Mixing correlation with causation becomes even more ridiculous when pundits start tying presidential politics to the financial markets. Investor’s Business Daily recently reported that when the stock market increases by 6 percent or more in January of an election year, the challenger beats the incumbent president. Apparently this pattern has held true since 1936. “Indeed, the stock market typically looks ahead and reacts before headlines become reality,” says IBD’s Paul Whitfield, creator of the IBD January Incumbent Barometer. “So there may be more at work than an uncanny streak.”

Tell that to Joe Weisenthal and Jon Terbush of Business Insider, who have traced the rise in the president’s popularity to gains in the S&P 500. Responding to a post in Talking Points Memo that tried to link President Obama’s higher approval rating to specific policy decisions, they suggest the real cause is the improving stock market. And they have visual evidence to back up their claim:

They’re both wrong, says Barry Ritholtz in The Washington Post, who argues that an incumbent’s poll numbers have very little to do with stocks. “Instead of assuming that one is causing the other, we need to look for broader forces that are driving both elements,” he writes.

When the economy is doing better and earnings, hiring and spending are up, voters feel more secure, which helps a sitting president. The opposite is also true: Markets go down not because a challenger is polling well but because economic conditions are weak.

The correlation/causation fallacy is rampant during elections, he notes:

These simple facts never seem to get in the way of the op-ed writers at various journals who seem to favor arguments along these lines: “Worries about possible policy changes are weighing on markets ahead of the year’s presidential elections. Candidate X’s rise in the polls is a risk that is giving the stock market jitters. Stock prices are wobbling, all leading to uncertainty. (And the markets hate uncertainty.)”

Here are some other logic-free observations Ritholtz says we’ll hear regarding politics and markets this year.

Misplaced credit and blame: Presidents get more credit than they deserve for strong economies and good markets, and more blame than they deserve when times are bad. “This is true regardless of which party wins the White House or where the economy is in its cycle.”

The Obama bull market: People who think the markets will respond positively to a pro-business president should ask themselves why stocks didn’t soar throughout George W. Bush’s entire term. (The S&P declined about 37 percent while he was president.) On the other hand, the markets have gained substantially since Obama was sworn in.

Anthropomorphizing markets: Markets don’t prefer one candidate over another, and poll numbers don’t spur short-term rallies. “It is a trick used to frame issues, and it is disingenuous at best,” writes Ritholtz. “Indeed, with these silly claims, pundits manage to combine all of the analytical errors discussed above.”

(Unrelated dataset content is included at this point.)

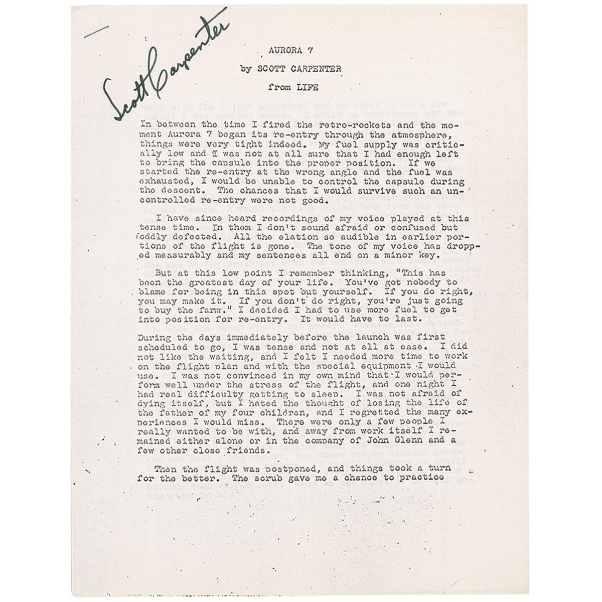 Photocopied article entitled “Aurora 7 by Scott Carpenter,” from Life magazine, 11 pages, 8.5 x 11, signed on the first page in black felt tip. In fine condition, with a staple to top left corner.
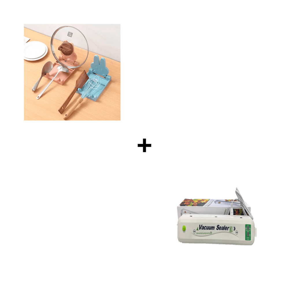 Combo Posa Cucharon y Tapa Conejo + Maquina Selladora al Vacio Blanco

So why are people sucked in by irrational reasoning? Jonah Lehrer, author of How We Decideargues that causal explanations are useful because they help us understand the world at a glance. This approach has worked reasonably well for centuries, but in both the natural and social sciences, “the reliance on correlations has entered an age of diminishing returns,” he writes in a recent article in Wired magazine.

First, all of the easy cause-and-effect relationships have been discovered, which means science “is getting harder.” Second, looking for correlations “is a terrible way of dealing with the primary subject of much modern research: those complex networks at the center of life.” There are simply too many variables, and they can’t be isolated.

And yet — in Washington and elsewhere — we continue to see two unrelated trends and conclude that one is causing the other. Perhaps, as the world’s problems have become more complicated, we keep hoping for easy answers. It’s clear the public has an appetite for this sort of thing. That’s why Investor’s Business Daily computes its IBD January Incumbent Barometer and why we see sports bloggers claiming that a president’s reelection chances are related to which team wins the Super Bowl.

But the best illustration of the correlation/causation fallacy came in a recent edition of Bloomberg Businessweek, in which Vali Chandrasekaran paired a series of trends with similar trajectories. Among the many “conclusions” he reached was one tying the number of active Facebook users to the yield on 10-year Greek government bonds:

“Correlation may not imply causation,” he writes, “but it sure can help us insinuate it.”